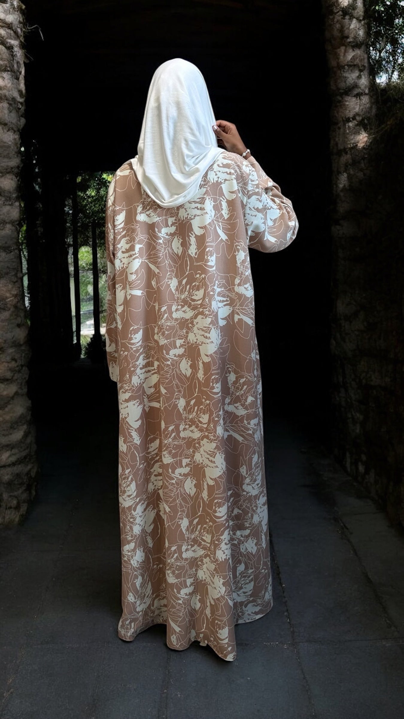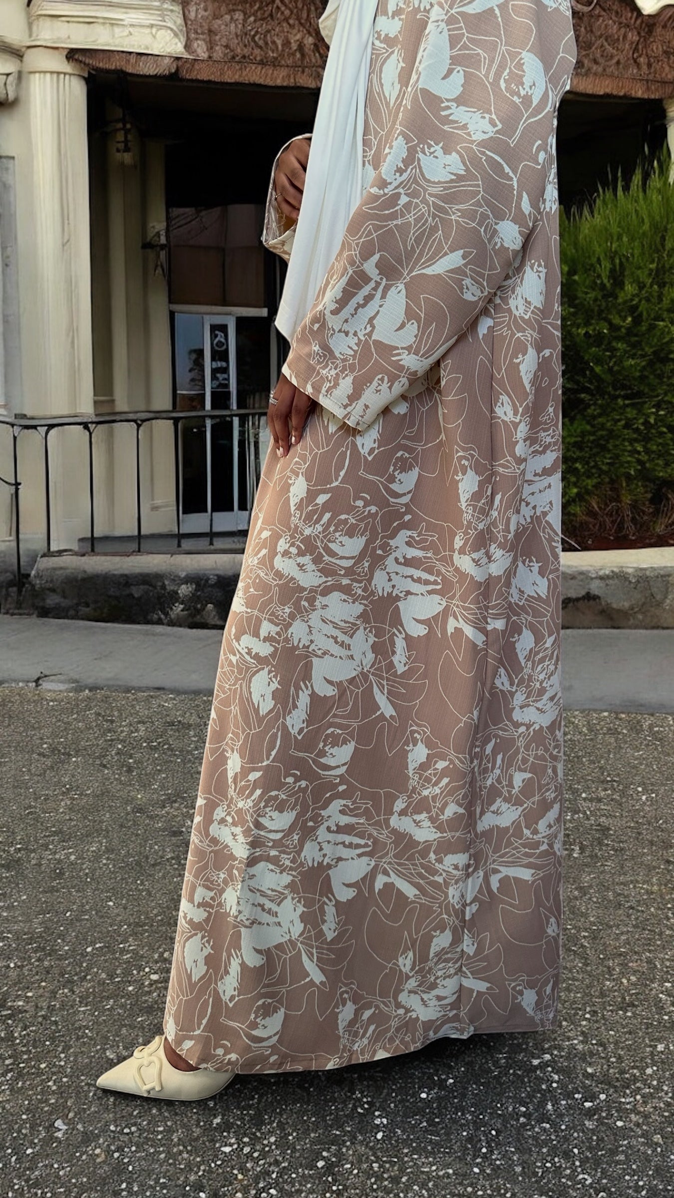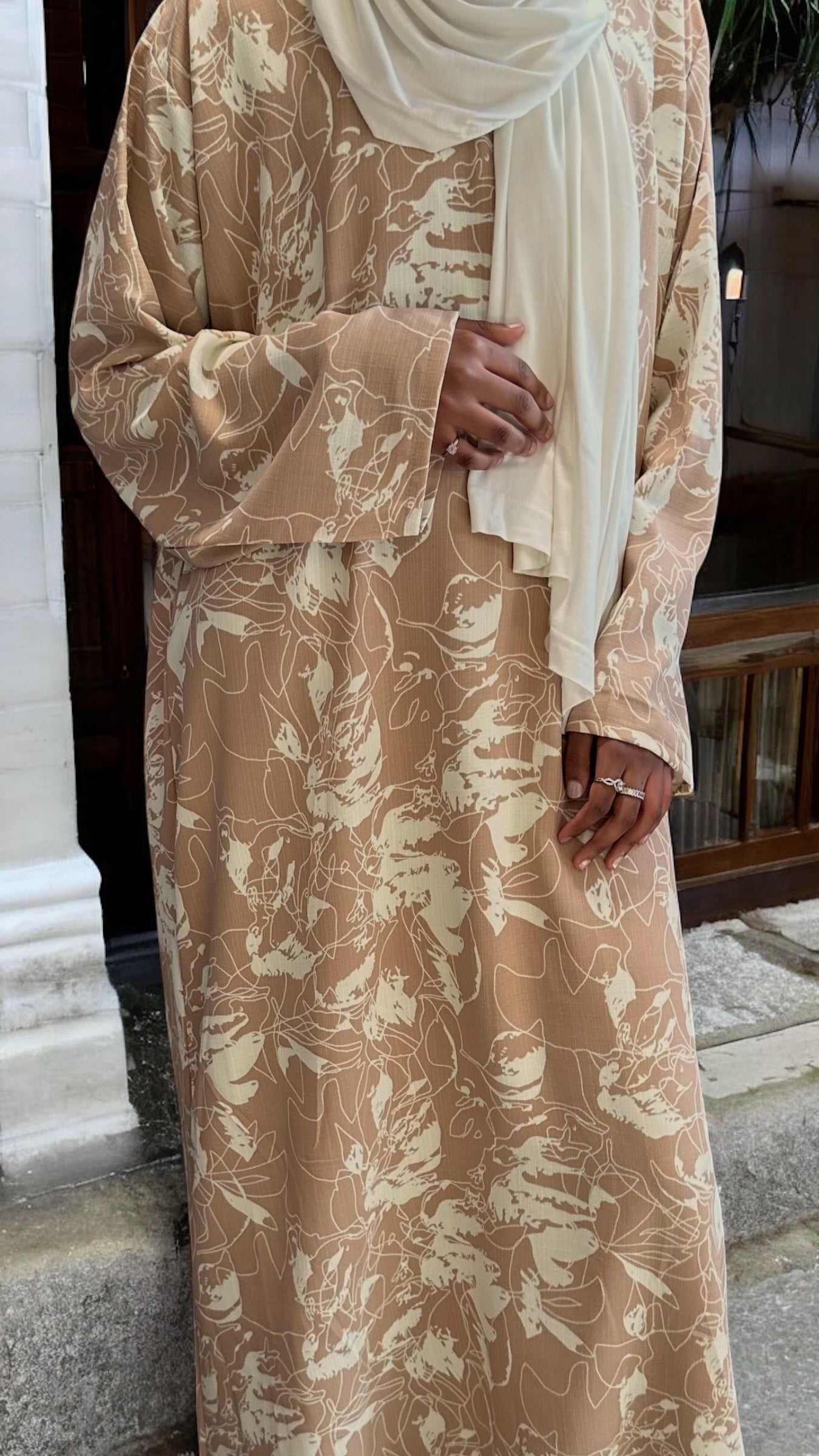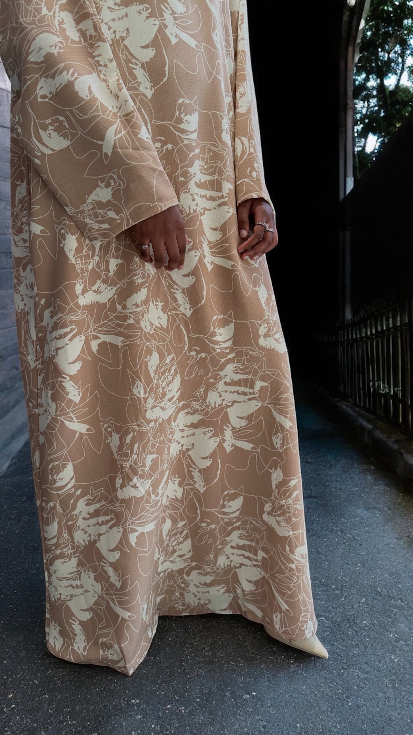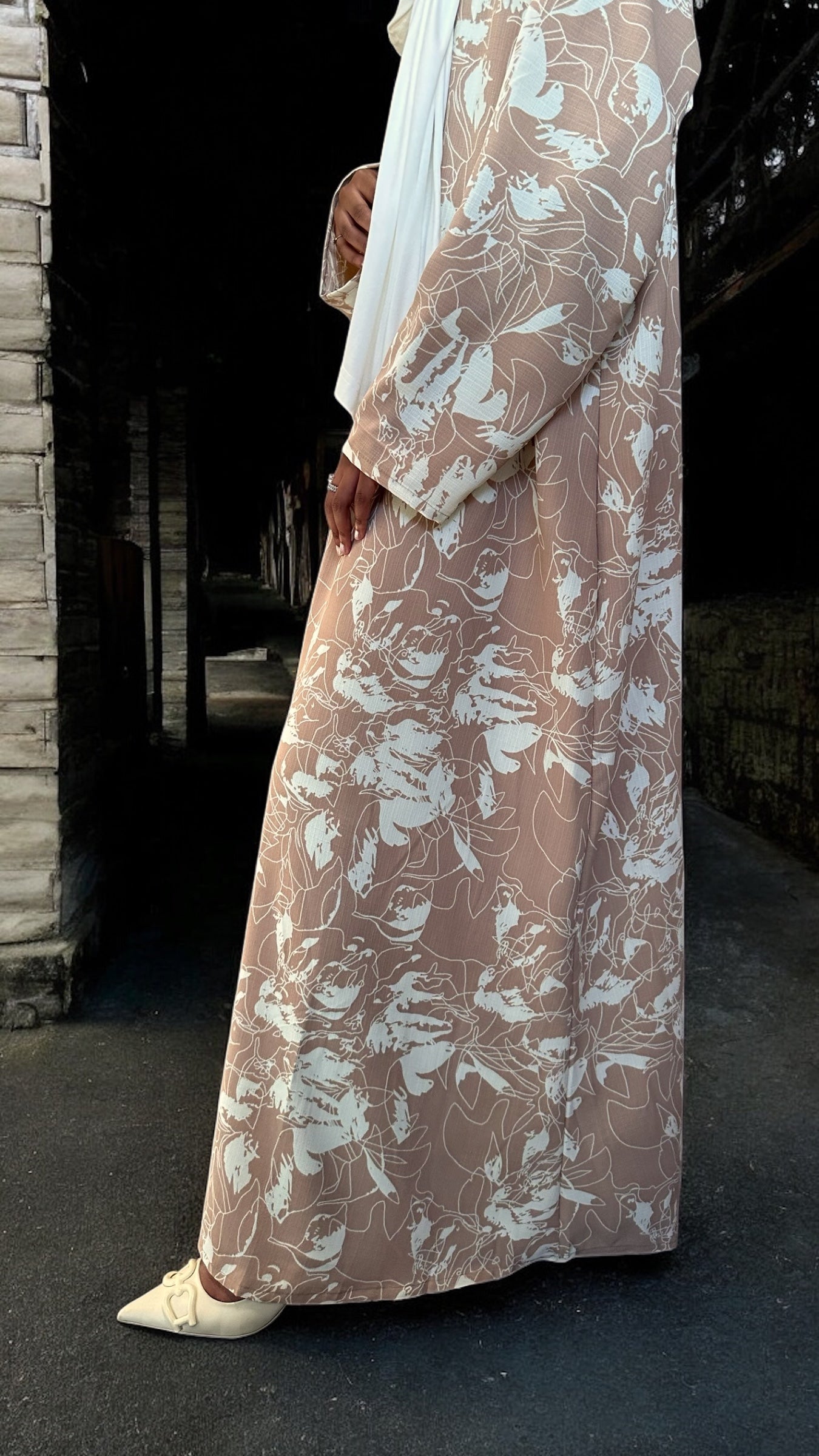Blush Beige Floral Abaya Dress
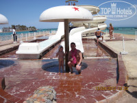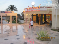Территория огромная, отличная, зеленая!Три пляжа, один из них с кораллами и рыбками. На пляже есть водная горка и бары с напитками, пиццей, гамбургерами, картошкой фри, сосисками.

————

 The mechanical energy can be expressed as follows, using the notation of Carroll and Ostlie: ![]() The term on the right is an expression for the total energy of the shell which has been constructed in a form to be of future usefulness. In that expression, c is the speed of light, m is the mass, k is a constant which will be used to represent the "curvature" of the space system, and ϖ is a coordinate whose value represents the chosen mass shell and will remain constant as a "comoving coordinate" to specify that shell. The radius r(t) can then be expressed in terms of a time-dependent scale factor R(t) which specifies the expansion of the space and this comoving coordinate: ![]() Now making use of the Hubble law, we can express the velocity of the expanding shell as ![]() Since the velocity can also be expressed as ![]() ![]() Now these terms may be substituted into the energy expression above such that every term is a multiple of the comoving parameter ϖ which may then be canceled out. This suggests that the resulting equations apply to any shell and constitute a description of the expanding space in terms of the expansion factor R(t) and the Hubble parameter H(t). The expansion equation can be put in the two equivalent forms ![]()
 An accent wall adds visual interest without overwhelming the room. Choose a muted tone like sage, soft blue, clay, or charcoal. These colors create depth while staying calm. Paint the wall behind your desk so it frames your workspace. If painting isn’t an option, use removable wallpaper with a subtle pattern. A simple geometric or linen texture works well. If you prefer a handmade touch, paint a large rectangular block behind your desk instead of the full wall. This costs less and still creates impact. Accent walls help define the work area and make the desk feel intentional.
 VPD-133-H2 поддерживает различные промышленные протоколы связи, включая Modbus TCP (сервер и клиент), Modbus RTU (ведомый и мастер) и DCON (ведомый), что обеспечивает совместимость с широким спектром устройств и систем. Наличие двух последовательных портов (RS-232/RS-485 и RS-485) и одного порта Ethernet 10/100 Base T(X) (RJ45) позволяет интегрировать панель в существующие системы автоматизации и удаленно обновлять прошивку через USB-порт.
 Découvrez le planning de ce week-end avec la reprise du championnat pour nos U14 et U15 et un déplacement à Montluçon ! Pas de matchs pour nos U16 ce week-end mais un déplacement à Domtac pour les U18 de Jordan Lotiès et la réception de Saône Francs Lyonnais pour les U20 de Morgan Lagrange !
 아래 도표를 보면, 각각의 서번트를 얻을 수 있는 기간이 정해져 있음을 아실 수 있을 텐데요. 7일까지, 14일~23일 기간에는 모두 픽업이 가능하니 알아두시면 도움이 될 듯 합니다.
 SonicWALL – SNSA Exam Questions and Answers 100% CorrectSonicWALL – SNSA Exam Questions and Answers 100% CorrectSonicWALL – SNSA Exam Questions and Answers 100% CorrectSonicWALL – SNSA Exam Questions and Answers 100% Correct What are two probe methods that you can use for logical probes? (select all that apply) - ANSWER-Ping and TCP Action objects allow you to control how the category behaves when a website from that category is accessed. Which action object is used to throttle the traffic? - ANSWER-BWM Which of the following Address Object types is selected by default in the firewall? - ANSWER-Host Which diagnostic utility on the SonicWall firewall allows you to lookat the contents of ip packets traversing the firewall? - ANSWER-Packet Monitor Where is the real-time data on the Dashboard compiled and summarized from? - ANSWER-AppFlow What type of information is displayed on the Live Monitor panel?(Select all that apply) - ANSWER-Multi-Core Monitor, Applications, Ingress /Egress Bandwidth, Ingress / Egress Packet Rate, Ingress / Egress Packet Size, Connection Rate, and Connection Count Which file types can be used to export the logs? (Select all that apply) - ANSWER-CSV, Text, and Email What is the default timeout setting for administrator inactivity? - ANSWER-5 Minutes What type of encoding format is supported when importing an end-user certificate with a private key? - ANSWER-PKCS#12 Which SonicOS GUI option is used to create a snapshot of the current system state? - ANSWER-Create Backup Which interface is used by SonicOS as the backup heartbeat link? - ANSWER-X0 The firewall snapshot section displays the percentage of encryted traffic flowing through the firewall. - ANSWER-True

————

** Exercise directions **
Please give back exactly the lines of the listing above that run from the one containing "VPD-133-H2 поддерживает различные" through the one containing "아래 도표를 보면, 각각의", and only those.

** Problem solution **
 VPD-133-H2 поддерживает различные промышленные протоколы связи, включая Modbus TCP (сервер и клиент), Modbus RTU (ведомый и мастер) и DCON (ведомый), что обеспечивает совместимость с широким спектром устройств и систем. Наличие двух последовательных портов (RS-232/RS-485 и RS-485) и одного порта Ethernet 10/100 Base T(X) (RJ45) позволяет интегрировать панель в существующие системы автоматизации и удаленно обновлять прошивку через USB-порт.
 Découvrez le planning de ce week-end avec la reprise du championnat pour nos U14 et U15 et un déplacement à Montluçon ! Pas de matchs pour nos U16 ce week-end mais un déplacement à Domtac pour les U18 de Jordan Lotiès et la réception de Saône Francs Lyonnais pour les U20 de Morgan Lagrange !
 아래 도표를 보면, 각각의 서번트를 얻을 수 있는 기간이 정해져 있음을 아실 수 있을 텐데요. 7일까지, 14일~23일 기간에는 모두 픽업이 가능하니 알아두시면 도움이 될 듯 합니다.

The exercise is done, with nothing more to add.